The task:
Without any of its pictures, the listing below should be output exactly.
### Collected material ###
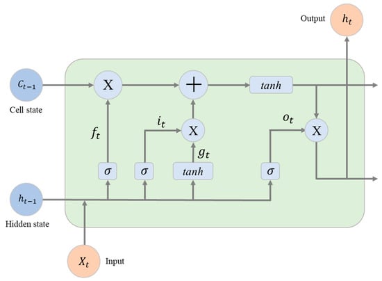 The RNN model known as LSTM was introduced by Hochreiter and Schmidhuber [45] and is widely used for time series data forecasting and learning. If there is a large distance between the relevant information and the point of using the information, the classic RNN is known to have a substantially lower gradient while backpropagating. The vanishing gradient problem is the resulting considerable decline in learning performance. By including a cell state in addition to the hidden state of a standard RNN, LSTM is suggested as a solution to this issue [46,47]. LSTM excels in preserving and utilizing crucial information across prolonged time intervals, showcasing its proficiency in handling long-term dependencies [48]. The formulations of the LSTM structure are presented as follows:
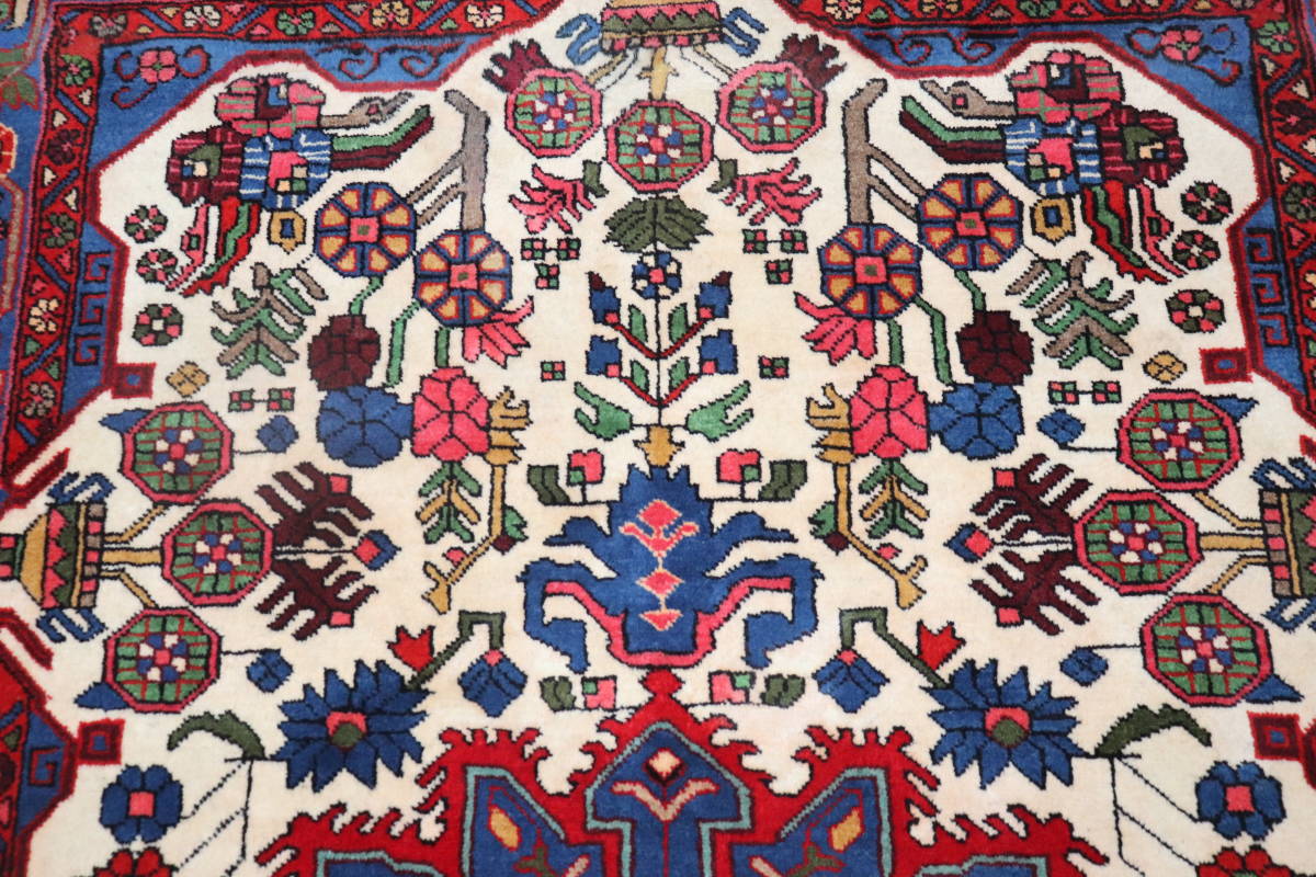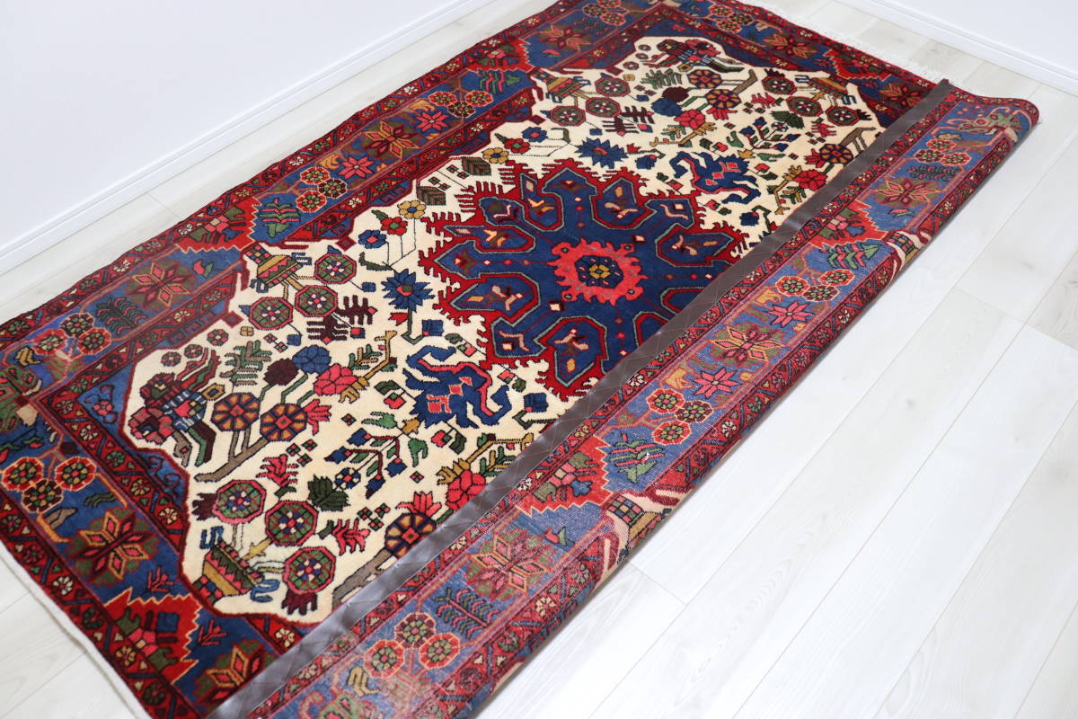 本作品は、イラン・ナハバンド地方でウール素材のペルシャ絨毯です。厚みが13mm以上あり、耐久性に優れるだけでなく、柔らかく快適な手触りと踏み心地を楽しめます。
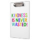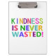A great clipboard for teachers, educational professionals, parents, and coaches, this inspiring white clipboard with various bright colour text reads Kindness is Never Wasted!
###
Output for this task:
 The RNN model known as LSTM was introduced by Hochreiter and Schmidhuber [45] and is widely used for time series data forecasting and learning. If there is a large distance between the relevant information and the point of using the information, the classic RNN is known to have a substantially lower gradient while backpropagating. The vanishing gradient problem is the resulting considerable decline in learning performance. By including a cell state in addition to the hidden state of a standard RNN, LSTM is suggested as a solution to this issue [46,47]. LSTM excels in preserving and utilizing crucial information across prolonged time intervals, showcasing its proficiency in handling long-term dependencies [48]. The formulations of the LSTM structure are presented as follows:
 本作品は、イラン・ナハバンド地方でウール素材のペルシャ絨毯です。厚みが13mm以上あり、耐久性に優れるだけでなく、柔らかく快適な手触りと踏み心地を楽しめます。
A great clipboard for teachers, educational professionals, parents, and coaches, this inspiring white clipboard with various bright colour text reads Kindness is Never Wasted!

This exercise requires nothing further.